(Data entries)
******************************

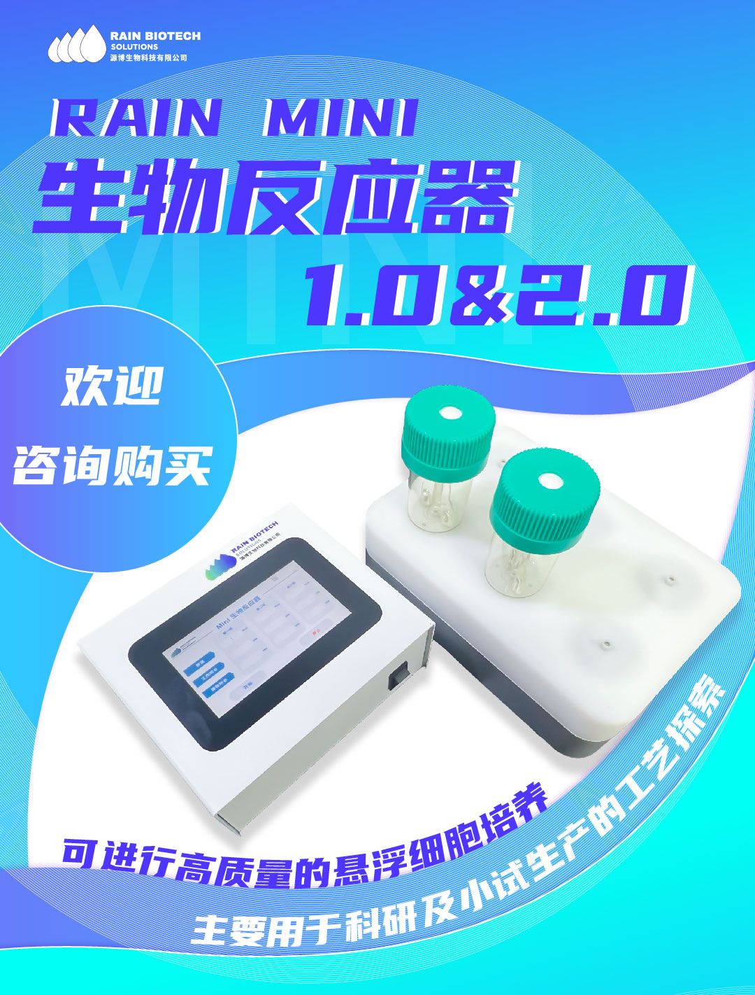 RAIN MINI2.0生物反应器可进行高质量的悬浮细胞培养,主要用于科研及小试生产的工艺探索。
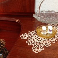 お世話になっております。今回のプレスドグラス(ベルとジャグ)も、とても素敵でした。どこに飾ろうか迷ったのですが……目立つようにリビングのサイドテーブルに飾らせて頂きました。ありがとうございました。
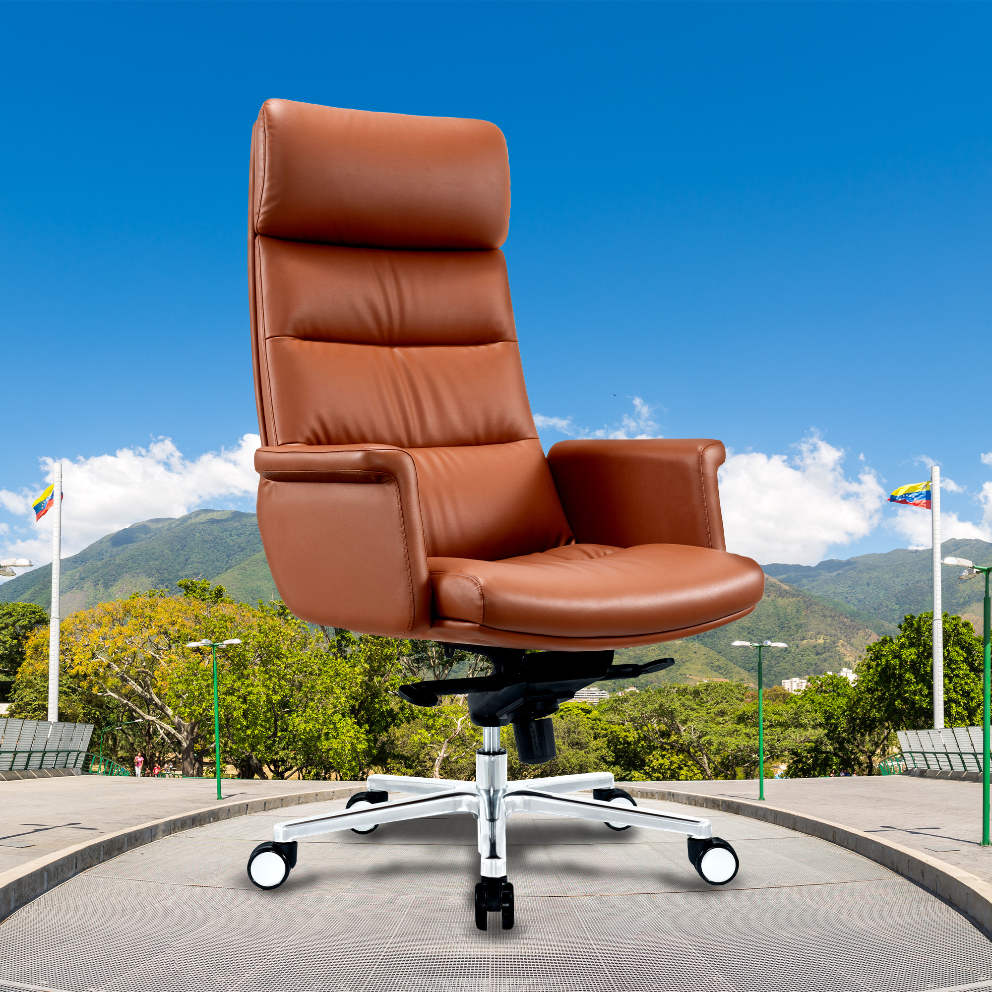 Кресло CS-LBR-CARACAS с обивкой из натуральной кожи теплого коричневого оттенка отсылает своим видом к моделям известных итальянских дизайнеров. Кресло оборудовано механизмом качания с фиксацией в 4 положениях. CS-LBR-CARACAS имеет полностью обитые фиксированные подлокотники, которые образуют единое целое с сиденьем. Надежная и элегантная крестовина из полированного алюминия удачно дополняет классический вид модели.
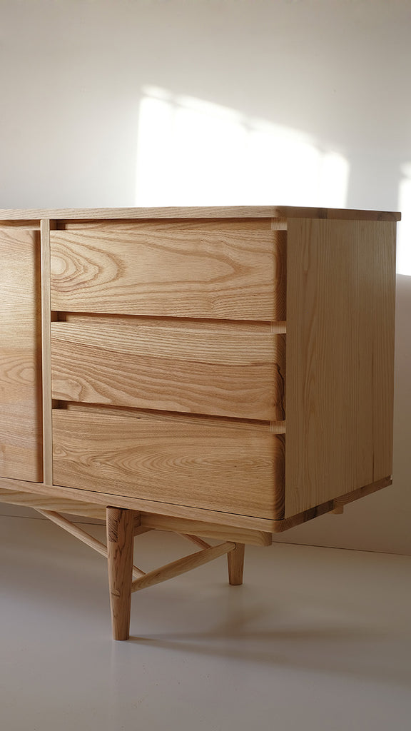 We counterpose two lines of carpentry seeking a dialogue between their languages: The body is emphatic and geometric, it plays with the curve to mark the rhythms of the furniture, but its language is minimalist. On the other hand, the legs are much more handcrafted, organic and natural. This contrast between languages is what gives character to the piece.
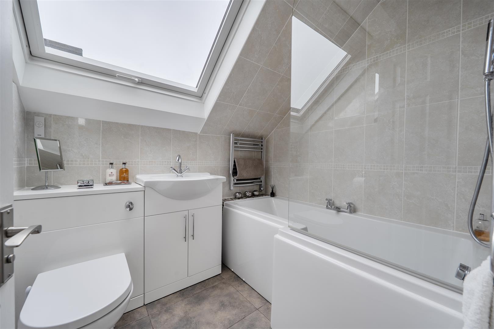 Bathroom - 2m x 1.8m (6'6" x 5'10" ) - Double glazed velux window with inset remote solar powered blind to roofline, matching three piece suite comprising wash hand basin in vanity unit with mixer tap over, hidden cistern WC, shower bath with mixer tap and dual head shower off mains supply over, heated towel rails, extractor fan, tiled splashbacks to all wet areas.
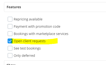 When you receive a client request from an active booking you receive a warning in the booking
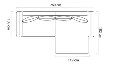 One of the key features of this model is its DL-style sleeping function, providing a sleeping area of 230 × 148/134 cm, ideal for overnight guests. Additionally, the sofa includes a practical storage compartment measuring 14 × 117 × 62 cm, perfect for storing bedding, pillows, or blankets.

******************************

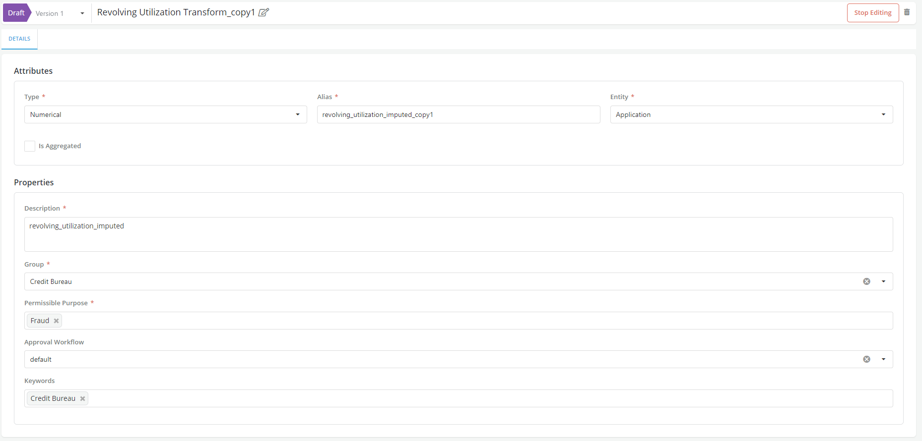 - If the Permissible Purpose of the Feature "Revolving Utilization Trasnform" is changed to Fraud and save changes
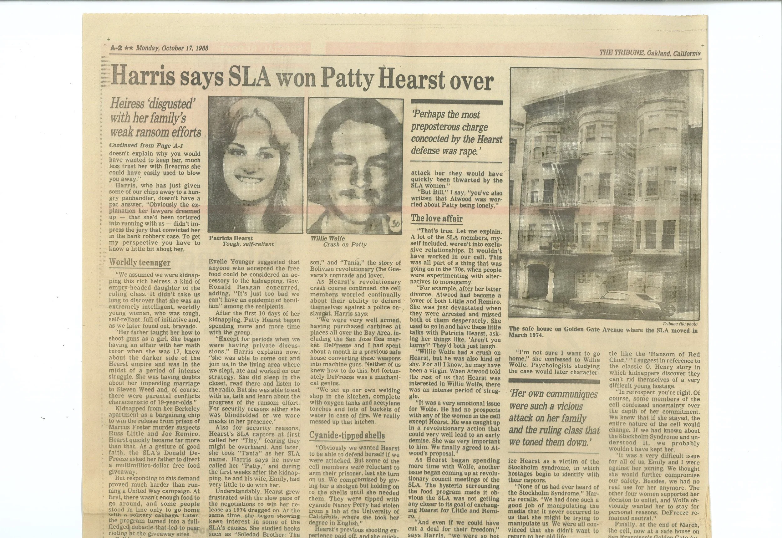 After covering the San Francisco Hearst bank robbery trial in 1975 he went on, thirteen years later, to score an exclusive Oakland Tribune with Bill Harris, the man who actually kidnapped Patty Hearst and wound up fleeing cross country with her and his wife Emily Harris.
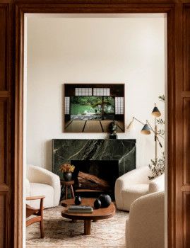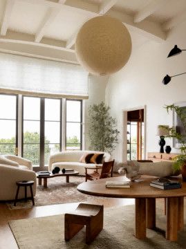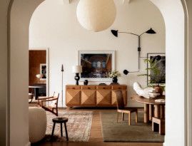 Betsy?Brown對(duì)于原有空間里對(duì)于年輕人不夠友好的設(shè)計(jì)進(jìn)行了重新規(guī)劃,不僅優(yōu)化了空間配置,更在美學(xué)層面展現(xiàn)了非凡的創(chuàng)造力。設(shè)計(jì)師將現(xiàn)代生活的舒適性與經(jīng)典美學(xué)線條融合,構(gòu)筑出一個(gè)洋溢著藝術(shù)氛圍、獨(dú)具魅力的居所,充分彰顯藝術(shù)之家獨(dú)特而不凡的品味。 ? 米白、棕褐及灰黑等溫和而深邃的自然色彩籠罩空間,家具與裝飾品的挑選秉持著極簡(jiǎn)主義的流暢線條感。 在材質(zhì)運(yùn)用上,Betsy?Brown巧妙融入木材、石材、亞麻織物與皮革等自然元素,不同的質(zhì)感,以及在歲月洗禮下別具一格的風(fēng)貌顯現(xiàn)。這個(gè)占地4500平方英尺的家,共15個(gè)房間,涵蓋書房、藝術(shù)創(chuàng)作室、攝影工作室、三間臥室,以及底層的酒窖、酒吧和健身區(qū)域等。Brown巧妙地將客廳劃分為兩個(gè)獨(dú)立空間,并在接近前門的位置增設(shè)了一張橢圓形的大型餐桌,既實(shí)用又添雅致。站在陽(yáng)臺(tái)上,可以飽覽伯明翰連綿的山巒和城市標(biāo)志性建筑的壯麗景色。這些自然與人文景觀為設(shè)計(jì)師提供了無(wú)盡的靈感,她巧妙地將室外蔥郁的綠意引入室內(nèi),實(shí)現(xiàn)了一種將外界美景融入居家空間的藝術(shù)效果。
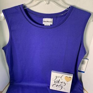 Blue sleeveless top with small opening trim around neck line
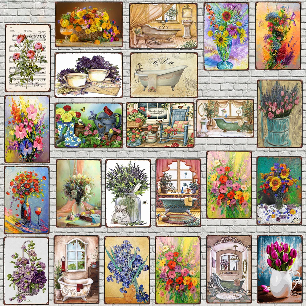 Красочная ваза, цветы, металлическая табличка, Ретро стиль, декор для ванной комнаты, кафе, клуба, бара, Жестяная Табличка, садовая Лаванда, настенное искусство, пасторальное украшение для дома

******************************

Copy back exactly the lines above from the one containing "Bathroom - 2m" through the one containing "When you receive", and leave every picture behind.

Output of the task:
 Bathroom - 2m x 1.8m (6'6" x 5'10" ) - Double glazed velux window with inset remote solar powered blind to roofline, matching three piece suite comprising wash hand basin in vanity unit with mixer tap over, hidden cistern WC, shower bath with mixer tap and dual head shower off mains supply over, heated towel rails, extractor fan, tiled splashbacks to all wet areas.
 When you receive a client request from an active booking you receive a warning in the booking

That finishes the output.